Locust (蟲 (chóng, bug, insignificant person)) is a 2024 Taiwanese neo-noir thriller drama film directed by Taiwanese-American filmmaker KEFF on his feature film directorial debut. The film is a co-production by Taiwan, USA, Qatar and France. The film also captures incidents pertaining to the 2019 Hong Kong mass protests.

== Synopsis ==
Chung-Han, a mute restaurant worker who himself goes through an existential crisis by his own standards, has to follow the famous idiom of "live to fight another day" to sum up his experiences of survival amidst being caught in a critical juncture of having to fight against a deadly violent gang.

== Cast ==
- Liu Wei-chen (劉韋辰) as Chung-Han (鍾翰)
- Rimong Ihwar
- Devin Pan
- An-shung Yu
- Yi Jung Wu
- Nien-Hsien Ma

== Production ==
Filmmaker KEFF (王凱民) spent most of his life in the United States of America before moving back to his home, Taiwan, in 2019. He started work on the film soon after his return, citing a lack of attention among the younger generation in Taiwan about the Chinese government's rapid escalation and crackdown on civil liberties in Hong Kong, which has sparked concern from some quarters that it is a prelude to a Chinese invasion of Taiwan. KEFF focused on portraying the low interest among the young Taiwanese population for international affairs. He expressed his desire to tell more human stories deviating from common portrayals from Taiwan as merely "a headline in the news" about semiconductors or international conflict.

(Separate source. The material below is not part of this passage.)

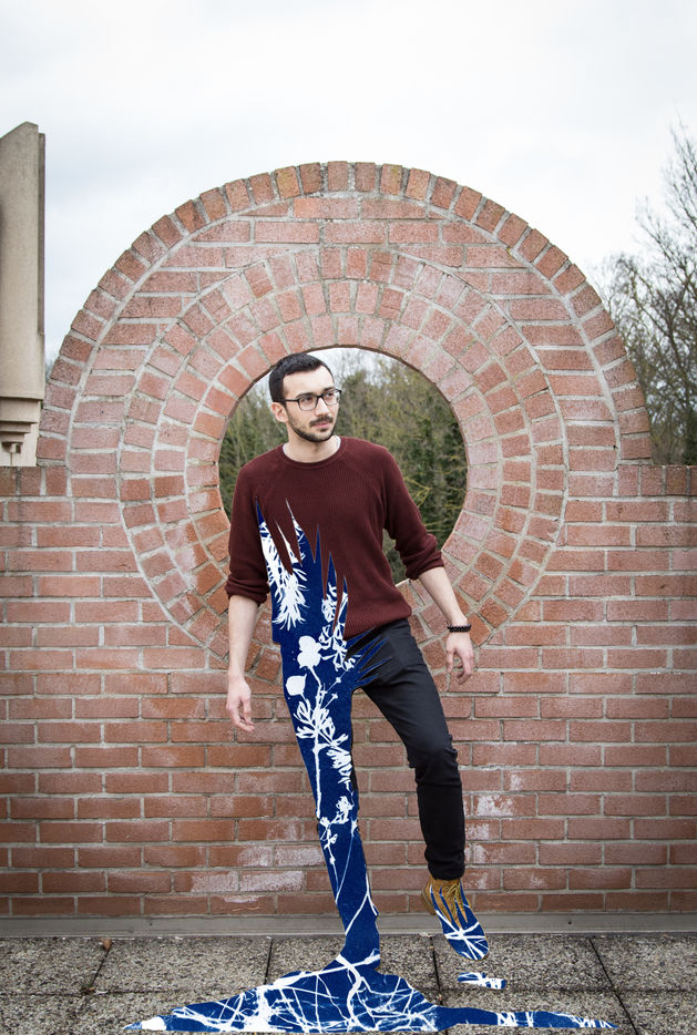 Projet inspiré des traces que laisse la foudre sur la peau ou sur d'autres matériaux lorsqu'elle les frappe. Ces traces sont comme des rhizomes et se rapprochent de formes végétales. Les étudiants ou personnels rencontrés ont eu pour consigne générale de poser à deux devant l'objectif et de rentrer en contact l'un avec l'autre, en se prenant la main par exemple ou en adoptant une posture particulière, afin que le cyanotype vienne, comme une métaphore du lien qui les relie, contaminer les deux corps. Ils ont ensuite pu découper leur image et disposer dans les trouées des végétaux récoltés sur les lieux sur un papier enduit de cyanotype. Enfin, après avoir exposé ce dernier à la lumière noire dans la cabine construite à cet effet (dans le hall de l'IUT), ils ont pu repartir avec leur figure de Lichtenberg.

The film gained substantial production support from Aide aux Cinemas du Monde in France and the Qatari non-profit organization Doha Film Institute announced a post-production grant for the filmmakers. As part of lead actor Liu Wei-chen's preparation for the role, he was not allowed to speak at all for weeks before the commencement of principal photography.

== Marketing ==
MK2 Films pioneered the international sales for the film project and MK2 Films collaborated through its production banner MK Productions for the film project.

== Premiere ==
On 16 May 2024, the film was premiered at the Cannes Critics' Week (Semaine de la critique) during the 2024 Cannes Film Festival.

The film had its premiere in the Critics' Week program at the 22nd Morelia International Film Festival.

== Accolades ==
The film received invitation to enter the Berlinale Talents’ Script Station for 2022.